Using the listing below, please print exactly the lines from the one with "スチール棚とプラスチックケー" through the one with "Печатные платы пригодились". Leave out every picture.

[Records shown]:
========================================

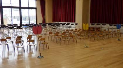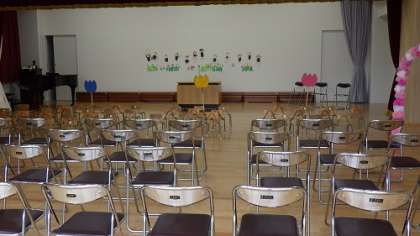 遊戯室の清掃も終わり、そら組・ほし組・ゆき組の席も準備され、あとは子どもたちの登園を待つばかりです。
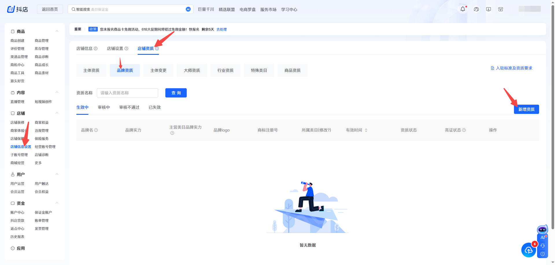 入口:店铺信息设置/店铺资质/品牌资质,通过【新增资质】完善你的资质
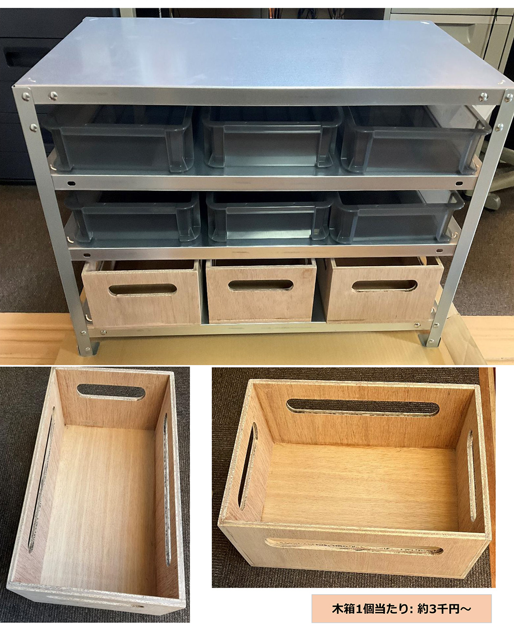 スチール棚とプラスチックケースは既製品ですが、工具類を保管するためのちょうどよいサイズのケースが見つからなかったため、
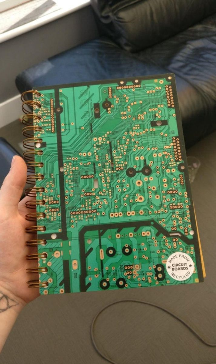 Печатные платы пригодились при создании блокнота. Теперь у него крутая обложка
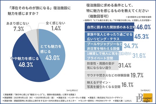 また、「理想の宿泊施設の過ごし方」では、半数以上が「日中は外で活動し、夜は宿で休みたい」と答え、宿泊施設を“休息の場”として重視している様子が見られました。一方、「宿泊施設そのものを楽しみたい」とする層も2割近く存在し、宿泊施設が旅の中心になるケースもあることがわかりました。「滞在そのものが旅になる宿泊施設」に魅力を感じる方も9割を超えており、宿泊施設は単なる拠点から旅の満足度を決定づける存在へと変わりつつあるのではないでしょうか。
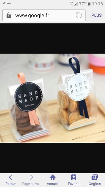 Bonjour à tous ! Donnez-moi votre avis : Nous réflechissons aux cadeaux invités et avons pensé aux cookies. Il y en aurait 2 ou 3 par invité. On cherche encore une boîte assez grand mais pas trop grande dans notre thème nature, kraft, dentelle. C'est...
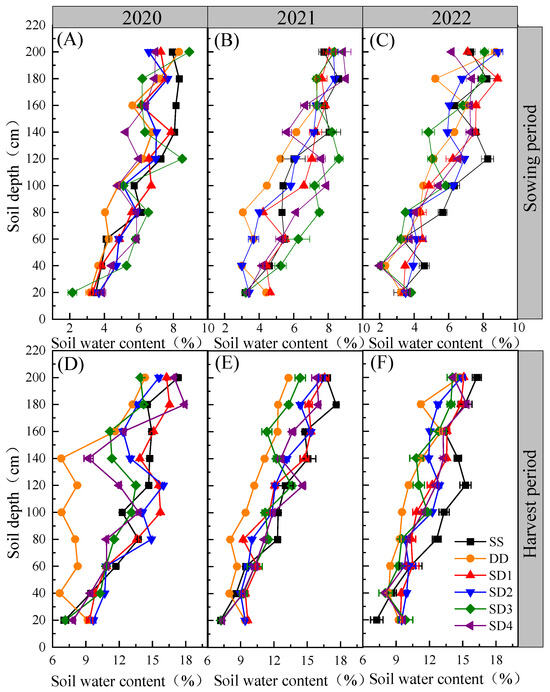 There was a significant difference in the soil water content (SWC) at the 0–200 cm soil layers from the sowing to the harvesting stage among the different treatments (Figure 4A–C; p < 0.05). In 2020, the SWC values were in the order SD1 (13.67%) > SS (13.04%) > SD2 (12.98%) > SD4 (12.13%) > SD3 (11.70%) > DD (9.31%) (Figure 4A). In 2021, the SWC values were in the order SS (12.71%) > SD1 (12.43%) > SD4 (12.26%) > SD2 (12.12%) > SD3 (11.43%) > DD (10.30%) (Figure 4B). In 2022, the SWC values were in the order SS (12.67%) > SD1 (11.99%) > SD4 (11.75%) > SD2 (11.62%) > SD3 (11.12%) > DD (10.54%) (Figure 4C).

========================================

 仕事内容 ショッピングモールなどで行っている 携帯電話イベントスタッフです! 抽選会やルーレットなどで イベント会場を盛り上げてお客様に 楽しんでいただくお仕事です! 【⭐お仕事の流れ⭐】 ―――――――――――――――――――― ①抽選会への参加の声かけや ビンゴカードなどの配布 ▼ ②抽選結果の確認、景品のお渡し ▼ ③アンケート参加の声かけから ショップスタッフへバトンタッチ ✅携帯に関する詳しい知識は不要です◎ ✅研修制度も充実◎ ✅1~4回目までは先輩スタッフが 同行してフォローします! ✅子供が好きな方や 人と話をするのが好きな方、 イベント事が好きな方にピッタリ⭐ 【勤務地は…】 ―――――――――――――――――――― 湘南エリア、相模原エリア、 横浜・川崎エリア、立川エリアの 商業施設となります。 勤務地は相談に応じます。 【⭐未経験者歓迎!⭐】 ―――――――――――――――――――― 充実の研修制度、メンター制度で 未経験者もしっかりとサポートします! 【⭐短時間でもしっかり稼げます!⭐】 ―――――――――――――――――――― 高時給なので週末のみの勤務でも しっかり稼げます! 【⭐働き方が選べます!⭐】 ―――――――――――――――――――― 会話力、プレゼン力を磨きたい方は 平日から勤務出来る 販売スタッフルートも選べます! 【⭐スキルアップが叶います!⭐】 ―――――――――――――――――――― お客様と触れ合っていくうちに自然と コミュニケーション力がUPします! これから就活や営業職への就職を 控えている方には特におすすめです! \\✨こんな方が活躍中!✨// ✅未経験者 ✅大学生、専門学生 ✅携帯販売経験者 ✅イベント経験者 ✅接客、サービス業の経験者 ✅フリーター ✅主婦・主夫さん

========================================

[Finished exercise]:
 スチール棚とプラスチックケースは既製品ですが、工具類を保管するためのちょうどよいサイズのケースが見つからなかったため、
 Печатные платы пригодились при создании блокнота. Теперь у него крутая обложка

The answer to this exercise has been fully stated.